AIM OF THE EXERCISE: In the material below, find the line that contains "Плеер умеет преобразовывать" and the line that contains "<서영대학교 - 원자력병원간", then write out exactly those two lines and everything between them.
(RECORDS PROVIDED begins)
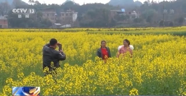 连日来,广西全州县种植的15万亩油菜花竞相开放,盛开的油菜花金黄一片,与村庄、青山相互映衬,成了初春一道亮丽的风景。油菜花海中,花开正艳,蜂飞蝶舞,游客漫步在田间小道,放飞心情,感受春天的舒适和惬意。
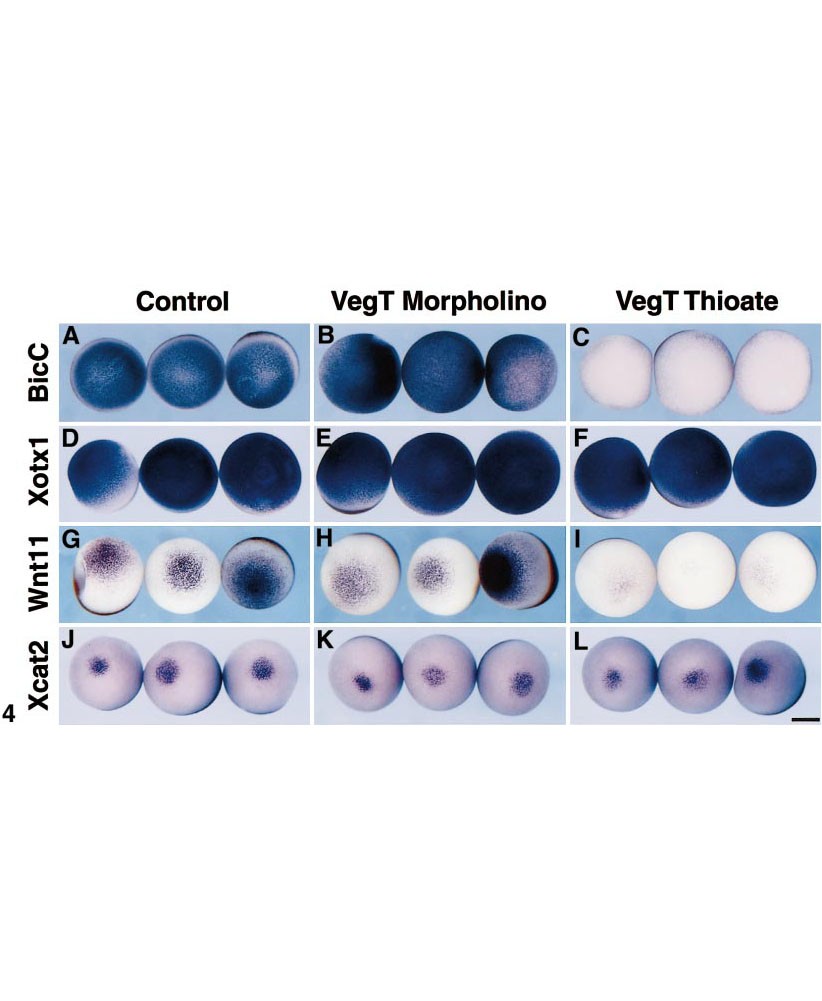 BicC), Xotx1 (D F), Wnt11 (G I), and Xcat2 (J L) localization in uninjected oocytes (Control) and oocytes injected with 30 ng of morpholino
(RECORDS PROVIDED ends)
(RECORDS PROVIDED begins)
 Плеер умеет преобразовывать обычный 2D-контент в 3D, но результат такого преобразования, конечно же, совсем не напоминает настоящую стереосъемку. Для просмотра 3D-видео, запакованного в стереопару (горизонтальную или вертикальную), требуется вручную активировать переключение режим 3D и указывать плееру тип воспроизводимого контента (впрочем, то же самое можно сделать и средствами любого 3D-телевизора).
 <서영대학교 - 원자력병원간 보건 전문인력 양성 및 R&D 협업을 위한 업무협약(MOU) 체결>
(RECORDS PROVIDED ends)
THE COMPLETED TASK:
 Плеер умеет преобразовывать обычный 2D-контент в 3D, но результат такого преобразования, конечно же, совсем не напоминает настоящую стереосъемку. Для просмотра 3D-видео, запакованного в стереопару (горизонтальную или вертикальную), требуется вручную активировать переключение режим 3D и указывать плееру тип воспроизводимого контента (впрочем, то же самое можно сделать и средствами любого 3D-телевизора).
 <서영대학교 - 원자력병원간 보건 전문인력 양성 및 R&D 협업을 위한 업무협약(MOU) 체결>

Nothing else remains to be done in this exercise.